Your output should be the lines below from the one with "Construite en 2014, elle" through the one with "Eucerin DermoPure Clinical", copied exactly, pictures excluded.

[Information shown]

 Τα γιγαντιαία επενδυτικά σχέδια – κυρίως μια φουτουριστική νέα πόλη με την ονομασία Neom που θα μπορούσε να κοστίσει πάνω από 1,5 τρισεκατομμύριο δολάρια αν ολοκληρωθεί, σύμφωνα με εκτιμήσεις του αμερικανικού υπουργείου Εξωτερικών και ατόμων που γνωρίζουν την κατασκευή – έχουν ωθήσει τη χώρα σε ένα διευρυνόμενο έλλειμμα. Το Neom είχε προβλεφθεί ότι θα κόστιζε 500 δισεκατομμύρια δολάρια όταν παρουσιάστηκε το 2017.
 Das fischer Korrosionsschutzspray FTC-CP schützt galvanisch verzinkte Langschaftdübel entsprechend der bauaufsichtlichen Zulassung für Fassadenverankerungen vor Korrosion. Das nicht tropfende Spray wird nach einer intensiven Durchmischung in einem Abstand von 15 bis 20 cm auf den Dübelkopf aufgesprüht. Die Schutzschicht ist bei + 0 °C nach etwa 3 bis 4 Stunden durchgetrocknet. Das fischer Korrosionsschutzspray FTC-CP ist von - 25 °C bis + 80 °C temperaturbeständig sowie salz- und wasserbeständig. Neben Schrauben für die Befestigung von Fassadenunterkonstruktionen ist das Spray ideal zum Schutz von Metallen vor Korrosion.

[/Information shown]
[Information shown]

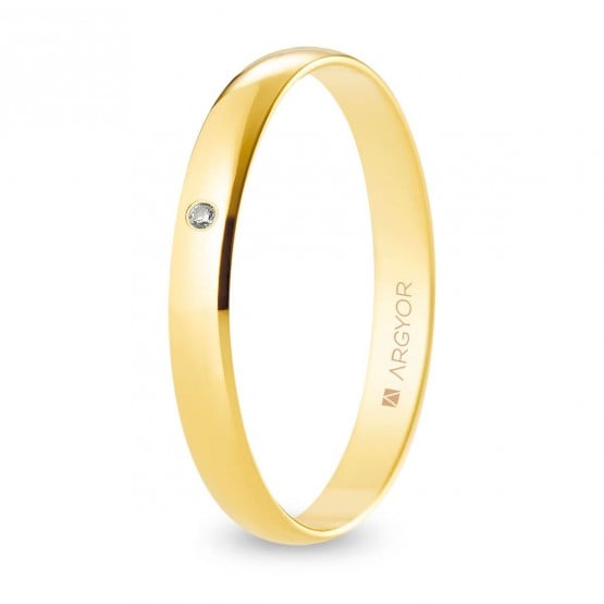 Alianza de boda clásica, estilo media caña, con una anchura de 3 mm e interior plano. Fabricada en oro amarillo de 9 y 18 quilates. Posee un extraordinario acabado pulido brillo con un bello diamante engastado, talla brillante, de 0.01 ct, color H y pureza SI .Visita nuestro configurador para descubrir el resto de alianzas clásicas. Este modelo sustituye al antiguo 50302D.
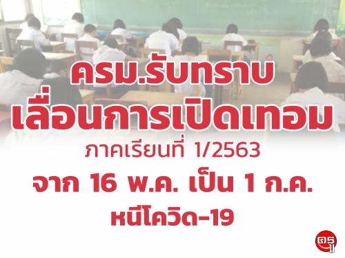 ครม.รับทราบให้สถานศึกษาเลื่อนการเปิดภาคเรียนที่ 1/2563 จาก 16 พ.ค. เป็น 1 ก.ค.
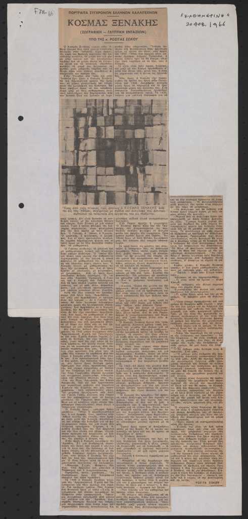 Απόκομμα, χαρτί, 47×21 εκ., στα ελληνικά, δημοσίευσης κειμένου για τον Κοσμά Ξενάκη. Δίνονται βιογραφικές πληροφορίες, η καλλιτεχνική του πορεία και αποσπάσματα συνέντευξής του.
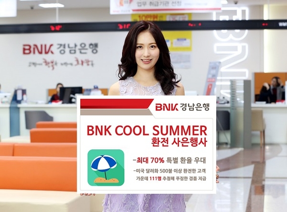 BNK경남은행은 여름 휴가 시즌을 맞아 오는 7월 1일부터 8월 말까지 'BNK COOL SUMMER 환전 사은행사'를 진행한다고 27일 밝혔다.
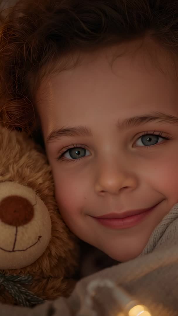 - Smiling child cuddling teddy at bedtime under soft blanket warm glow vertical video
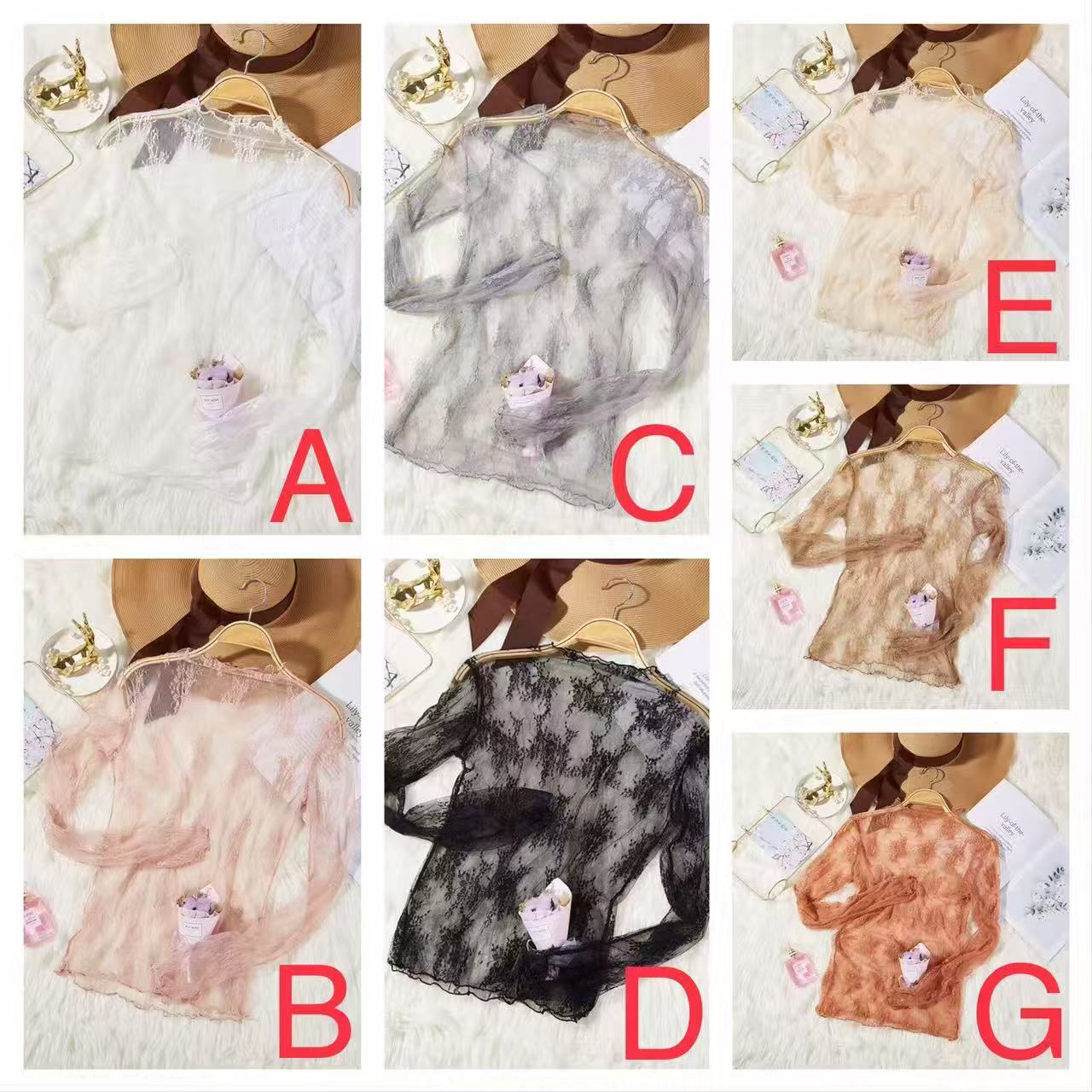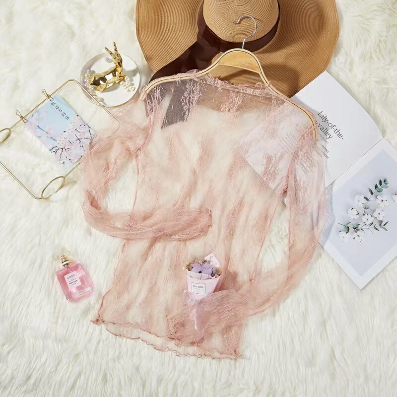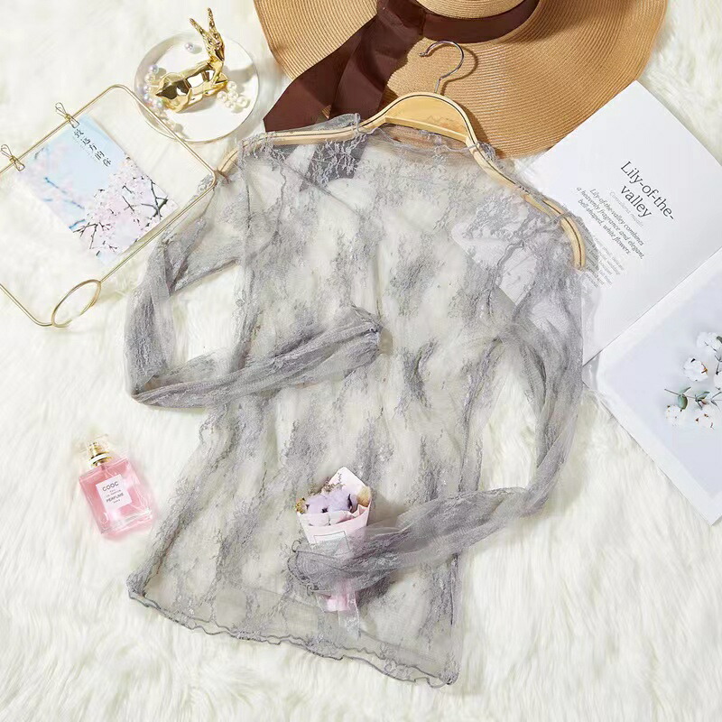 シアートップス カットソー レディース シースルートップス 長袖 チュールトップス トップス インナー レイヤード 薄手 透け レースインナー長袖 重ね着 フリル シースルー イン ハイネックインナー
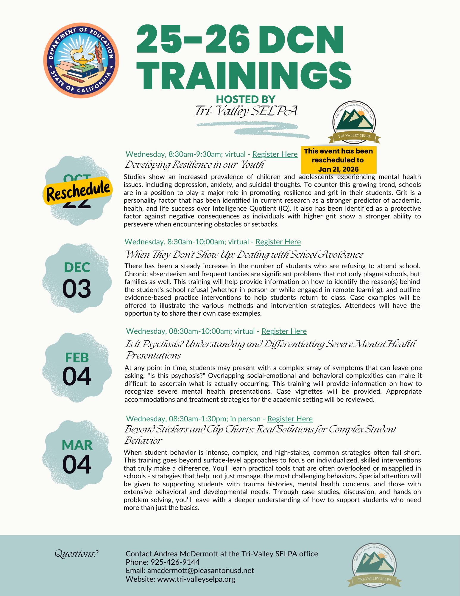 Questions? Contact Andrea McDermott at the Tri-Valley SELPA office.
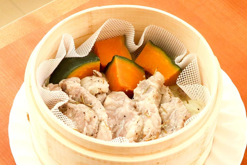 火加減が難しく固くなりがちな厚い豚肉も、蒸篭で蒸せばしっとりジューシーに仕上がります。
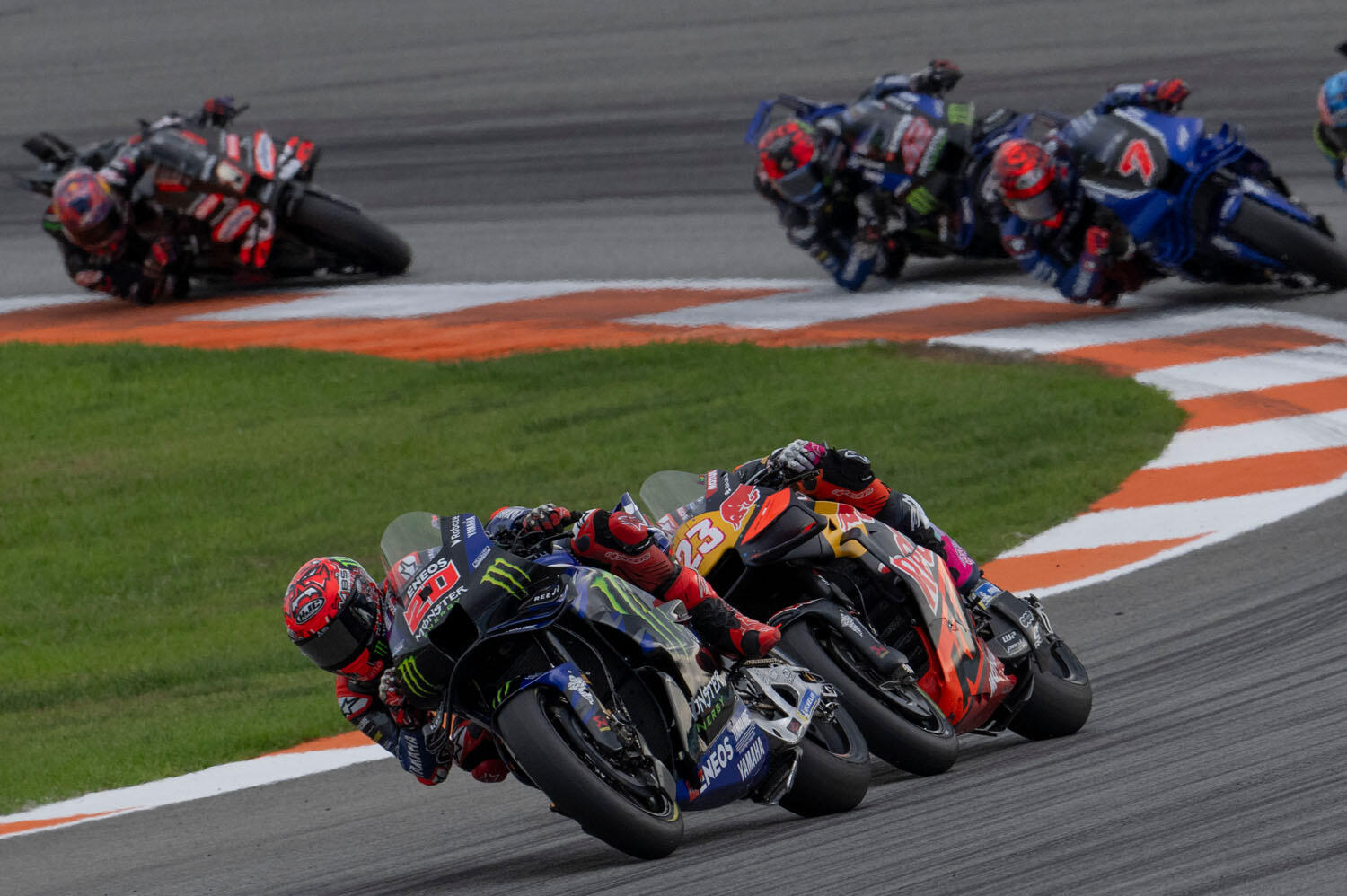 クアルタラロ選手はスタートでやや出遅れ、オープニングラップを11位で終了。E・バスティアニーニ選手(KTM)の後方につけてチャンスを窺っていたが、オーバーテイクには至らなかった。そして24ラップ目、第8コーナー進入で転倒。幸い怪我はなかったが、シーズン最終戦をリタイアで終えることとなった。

[/Information shown]
[Information shown]

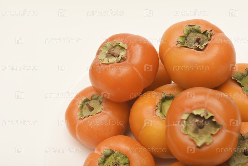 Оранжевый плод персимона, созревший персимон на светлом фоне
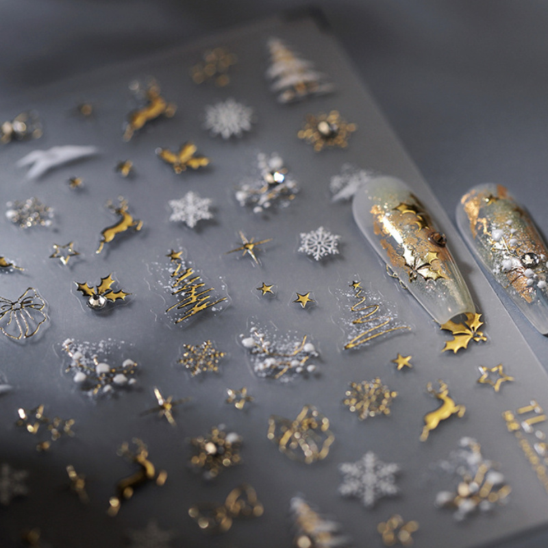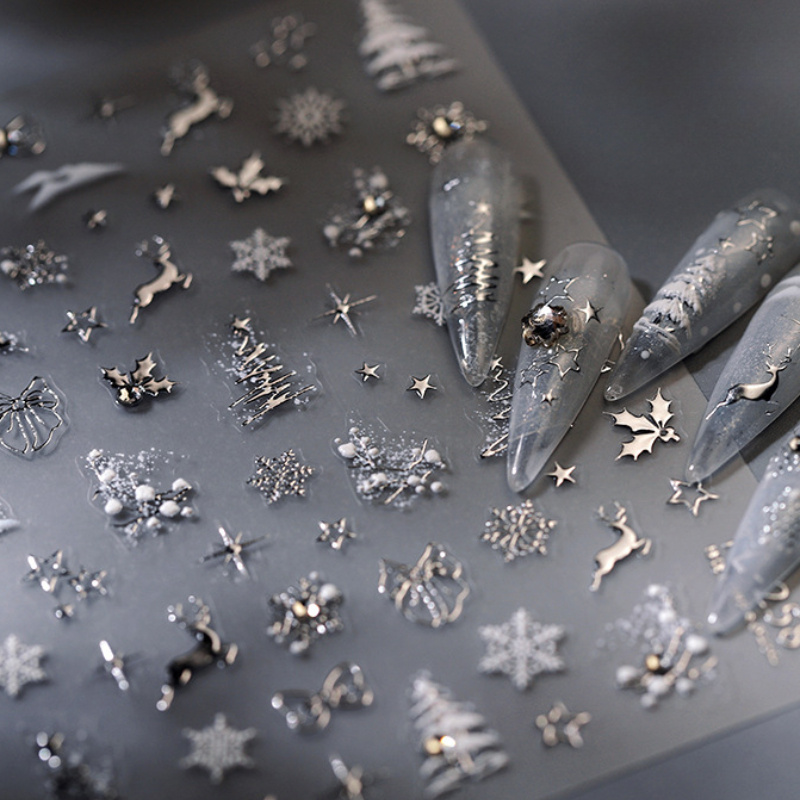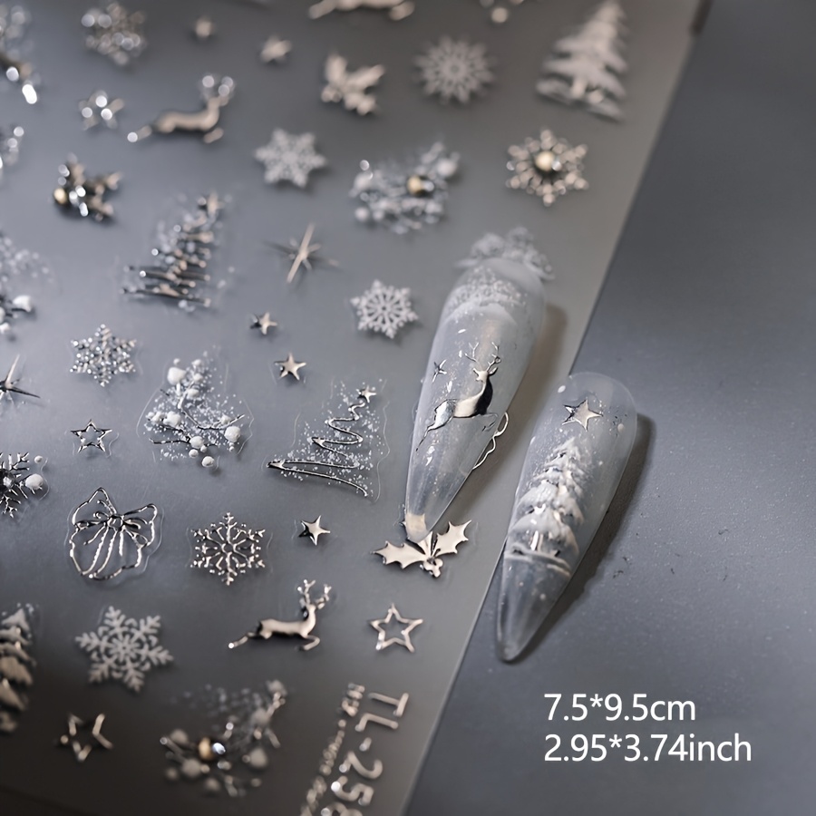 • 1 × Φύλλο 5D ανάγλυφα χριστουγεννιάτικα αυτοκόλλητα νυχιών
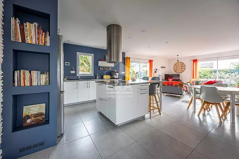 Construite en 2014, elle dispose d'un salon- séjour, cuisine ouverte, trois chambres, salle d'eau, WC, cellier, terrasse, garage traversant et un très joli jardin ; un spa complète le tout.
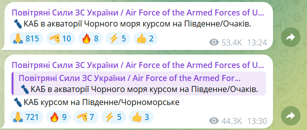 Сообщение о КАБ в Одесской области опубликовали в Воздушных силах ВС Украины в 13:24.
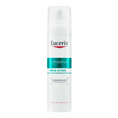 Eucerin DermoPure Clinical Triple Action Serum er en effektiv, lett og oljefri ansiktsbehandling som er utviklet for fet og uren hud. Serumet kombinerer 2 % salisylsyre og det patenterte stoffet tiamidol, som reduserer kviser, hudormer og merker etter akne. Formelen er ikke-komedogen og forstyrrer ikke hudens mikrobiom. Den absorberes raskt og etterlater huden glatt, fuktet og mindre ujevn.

[/Information shown]

*Completed exercise:*
 Construite en 2014, elle dispose d'un salon- séjour, cuisine ouverte, trois chambres, salle d'eau, WC, cellier, terrasse, garage traversant et un très joli jardin ; un spa complète le tout.
 Сообщение о КАБ в Одесской области опубликовали в Воздушных силах ВС Украины в 13:24.
 Eucerin DermoPure Clinical Triple Action Serum er en effektiv, lett og oljefri ansiktsbehandling som er utviklet for fet og uren hud. Serumet kombinerer 2 % salisylsyre og det patenterte stoffet tiamidol, som reduserer kviser, hudormer og merker etter akne. Formelen er ikke-komedogen og forstyrrer ikke hudens mikrobiom. Den absorberes raskt og etterlater huden glatt, fuktet og mindre ujevn.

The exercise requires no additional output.